Gene Flow: The movement of individuals and alleles in and out of populations.
Examples: Seed and pollen distribution by wind or insects; migration (moving in) and emigration (moving out) of animals.
Effect: Causes genetic mixing across regions and increases variation within individual populations. Note: Organisms of different species cannot reproduce despite gene flow.
Genetic Drift: Change in the gene pool due to random chance events.
Founder Effect: A small group splinters off from a main population to start a new colony, skews the gene pool of the new population.
Bottleneck Effect: A disaster or factor reduces a population to a very small number. As the population recovers, the gene pool is narrowed because many alleles were lost during the reduction.
Questions & Discussion
Q: What are the three types of selection and an example of each?
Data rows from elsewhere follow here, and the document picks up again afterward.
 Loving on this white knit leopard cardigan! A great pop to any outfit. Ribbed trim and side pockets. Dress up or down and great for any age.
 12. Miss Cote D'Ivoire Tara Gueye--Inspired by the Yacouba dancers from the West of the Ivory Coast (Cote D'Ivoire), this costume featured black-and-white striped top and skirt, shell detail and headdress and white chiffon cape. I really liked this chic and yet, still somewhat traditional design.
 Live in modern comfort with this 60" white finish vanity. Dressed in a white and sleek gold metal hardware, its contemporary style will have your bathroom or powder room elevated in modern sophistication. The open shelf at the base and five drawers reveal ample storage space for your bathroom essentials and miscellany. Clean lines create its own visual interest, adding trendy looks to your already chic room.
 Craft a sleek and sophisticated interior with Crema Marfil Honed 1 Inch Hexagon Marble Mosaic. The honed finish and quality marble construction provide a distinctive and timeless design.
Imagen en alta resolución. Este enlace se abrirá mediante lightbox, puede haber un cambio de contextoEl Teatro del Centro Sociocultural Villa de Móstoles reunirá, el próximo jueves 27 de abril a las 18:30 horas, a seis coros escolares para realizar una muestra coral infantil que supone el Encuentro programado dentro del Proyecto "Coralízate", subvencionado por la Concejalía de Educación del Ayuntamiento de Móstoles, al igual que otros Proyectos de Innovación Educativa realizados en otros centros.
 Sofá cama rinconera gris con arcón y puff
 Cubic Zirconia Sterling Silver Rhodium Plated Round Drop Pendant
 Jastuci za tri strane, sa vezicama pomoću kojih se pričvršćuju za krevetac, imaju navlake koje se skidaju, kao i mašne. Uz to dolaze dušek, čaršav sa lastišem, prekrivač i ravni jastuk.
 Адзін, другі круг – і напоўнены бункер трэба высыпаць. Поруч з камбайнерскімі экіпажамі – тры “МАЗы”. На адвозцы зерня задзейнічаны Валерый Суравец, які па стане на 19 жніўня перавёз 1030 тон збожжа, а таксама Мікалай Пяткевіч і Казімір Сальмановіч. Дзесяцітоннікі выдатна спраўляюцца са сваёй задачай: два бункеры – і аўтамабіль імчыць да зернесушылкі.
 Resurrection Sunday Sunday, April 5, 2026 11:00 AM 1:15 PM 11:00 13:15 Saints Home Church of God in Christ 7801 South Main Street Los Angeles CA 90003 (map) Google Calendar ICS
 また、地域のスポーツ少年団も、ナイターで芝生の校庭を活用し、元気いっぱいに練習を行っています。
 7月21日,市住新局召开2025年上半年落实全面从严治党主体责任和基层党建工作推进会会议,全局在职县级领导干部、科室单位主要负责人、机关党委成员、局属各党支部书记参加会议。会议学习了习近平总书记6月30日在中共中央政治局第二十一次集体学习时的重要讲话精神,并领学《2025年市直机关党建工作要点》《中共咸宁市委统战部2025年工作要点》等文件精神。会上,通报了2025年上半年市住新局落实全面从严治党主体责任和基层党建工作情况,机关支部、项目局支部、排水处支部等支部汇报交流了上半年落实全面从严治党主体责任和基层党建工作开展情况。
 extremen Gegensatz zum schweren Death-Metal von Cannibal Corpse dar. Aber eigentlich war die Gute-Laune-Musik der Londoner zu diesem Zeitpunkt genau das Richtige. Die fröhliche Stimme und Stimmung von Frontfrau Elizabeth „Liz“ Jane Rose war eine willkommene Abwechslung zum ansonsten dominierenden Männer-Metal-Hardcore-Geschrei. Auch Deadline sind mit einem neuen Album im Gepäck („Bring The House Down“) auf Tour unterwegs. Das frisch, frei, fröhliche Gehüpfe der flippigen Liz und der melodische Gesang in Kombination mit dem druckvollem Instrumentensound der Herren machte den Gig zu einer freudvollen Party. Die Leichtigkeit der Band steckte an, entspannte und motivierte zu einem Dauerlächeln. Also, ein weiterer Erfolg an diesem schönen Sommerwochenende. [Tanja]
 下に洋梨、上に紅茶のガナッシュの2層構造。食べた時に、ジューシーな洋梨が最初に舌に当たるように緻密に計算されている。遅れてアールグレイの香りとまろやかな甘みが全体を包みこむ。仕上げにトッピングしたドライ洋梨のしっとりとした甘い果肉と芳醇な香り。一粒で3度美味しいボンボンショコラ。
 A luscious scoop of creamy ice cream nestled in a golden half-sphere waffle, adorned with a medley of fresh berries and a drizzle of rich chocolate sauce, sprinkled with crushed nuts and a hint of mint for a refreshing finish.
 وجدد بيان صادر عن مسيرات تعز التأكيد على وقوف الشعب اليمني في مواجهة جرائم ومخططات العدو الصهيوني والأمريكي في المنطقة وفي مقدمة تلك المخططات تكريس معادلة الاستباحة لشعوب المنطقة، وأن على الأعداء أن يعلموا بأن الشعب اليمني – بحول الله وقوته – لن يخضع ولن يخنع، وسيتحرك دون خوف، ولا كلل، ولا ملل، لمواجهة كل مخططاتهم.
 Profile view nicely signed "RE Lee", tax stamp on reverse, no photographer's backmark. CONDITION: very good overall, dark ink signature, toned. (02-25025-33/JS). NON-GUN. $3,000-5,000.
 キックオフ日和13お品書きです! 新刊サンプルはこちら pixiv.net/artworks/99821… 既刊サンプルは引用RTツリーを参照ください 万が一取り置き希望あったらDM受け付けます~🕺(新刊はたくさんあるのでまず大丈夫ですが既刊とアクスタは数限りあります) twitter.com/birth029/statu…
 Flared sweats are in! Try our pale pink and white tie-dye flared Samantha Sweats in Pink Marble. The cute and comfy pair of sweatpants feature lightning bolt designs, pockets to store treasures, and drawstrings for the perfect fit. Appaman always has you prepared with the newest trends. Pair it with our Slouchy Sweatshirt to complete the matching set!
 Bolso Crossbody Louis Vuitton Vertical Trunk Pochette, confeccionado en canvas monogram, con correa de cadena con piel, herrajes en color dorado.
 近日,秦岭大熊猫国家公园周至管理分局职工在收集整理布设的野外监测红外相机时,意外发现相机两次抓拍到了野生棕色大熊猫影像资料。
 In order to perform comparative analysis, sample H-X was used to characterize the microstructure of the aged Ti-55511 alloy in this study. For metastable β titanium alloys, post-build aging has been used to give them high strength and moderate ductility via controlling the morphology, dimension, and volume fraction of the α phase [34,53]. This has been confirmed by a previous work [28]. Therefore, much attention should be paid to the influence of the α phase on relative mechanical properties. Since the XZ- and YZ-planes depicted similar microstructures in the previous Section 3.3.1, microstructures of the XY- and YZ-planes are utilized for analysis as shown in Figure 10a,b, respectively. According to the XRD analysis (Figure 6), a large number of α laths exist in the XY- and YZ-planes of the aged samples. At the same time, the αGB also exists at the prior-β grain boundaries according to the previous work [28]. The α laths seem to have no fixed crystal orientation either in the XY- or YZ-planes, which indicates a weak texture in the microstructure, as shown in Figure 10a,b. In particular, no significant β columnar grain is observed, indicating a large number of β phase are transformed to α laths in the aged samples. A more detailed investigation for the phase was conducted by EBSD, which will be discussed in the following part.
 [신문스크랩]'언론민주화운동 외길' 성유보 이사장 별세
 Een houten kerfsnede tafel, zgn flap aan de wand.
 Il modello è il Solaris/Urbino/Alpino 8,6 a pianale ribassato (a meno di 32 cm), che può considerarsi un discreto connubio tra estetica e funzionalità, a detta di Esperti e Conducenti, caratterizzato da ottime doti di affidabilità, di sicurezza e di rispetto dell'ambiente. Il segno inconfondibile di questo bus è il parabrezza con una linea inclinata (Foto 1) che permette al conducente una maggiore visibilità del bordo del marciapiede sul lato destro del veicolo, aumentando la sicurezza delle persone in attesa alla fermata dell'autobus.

A: 1. Diversifying (e.g., small and large fish vs. medium fish). 2. Stabilizing (e.g., average weight human babies). 3. Directional (e.g., Giraffe neck length).
Q: Practice Scenario: Oysters range from dark greyish brown to light greyish brown. Researchers found most were either dark or light, but very few were medium. What does this indicate?
A: This indicates Diversifying/Disruptive Selection. The environment likely has very dark and very light areas (like dark rocks and light sand), providing camouflage for the extremes but leaving the medium-colored oysters visible to predators.
Q: Practice Scenario: Before the industrial revolution, peppered moths were white with spots; after, they were dark with spots. What type of selection is this?
A: Directional Selection. The environment changed (soot on trees), pushing the population toward the darker extreme.
Q: Practice Scenario: Lionfish are an invasive species with no predators in the Gulf of Mexico. How will they affect prey and what selection might occur?
A: Local prey fish populations will likely decrease. Selection might favor prey fish that are either too small to be seen easily, too large to be swallowed, or those with behavioral adaptations to hide better or swim faster.
Q: True or False: Natural Selection causes changes in populations, NOT individuals.
A: True. Individuals are born with their traits; they do not adapt during their lifetime. The population changes as certain traits are favored over generations.
Q: What is the benefit to organisms that overproduce offspring?
A: It increases the probability that at least some offspring will survive environmental pressures and reach reproductive age.
Q: Scenario: Running over an ant with a scooter. Which mechanism is this?
A: Genetic Drift. It is a random, chance event that was not based on the ant's fitness.
Q: Scenario: A goat named Eddie moves to a neighboring farm to mate with a goat of a different color. Which mechanism is this?
A: Gene Flow. It involves the movement of an individual and its alleles into a new population.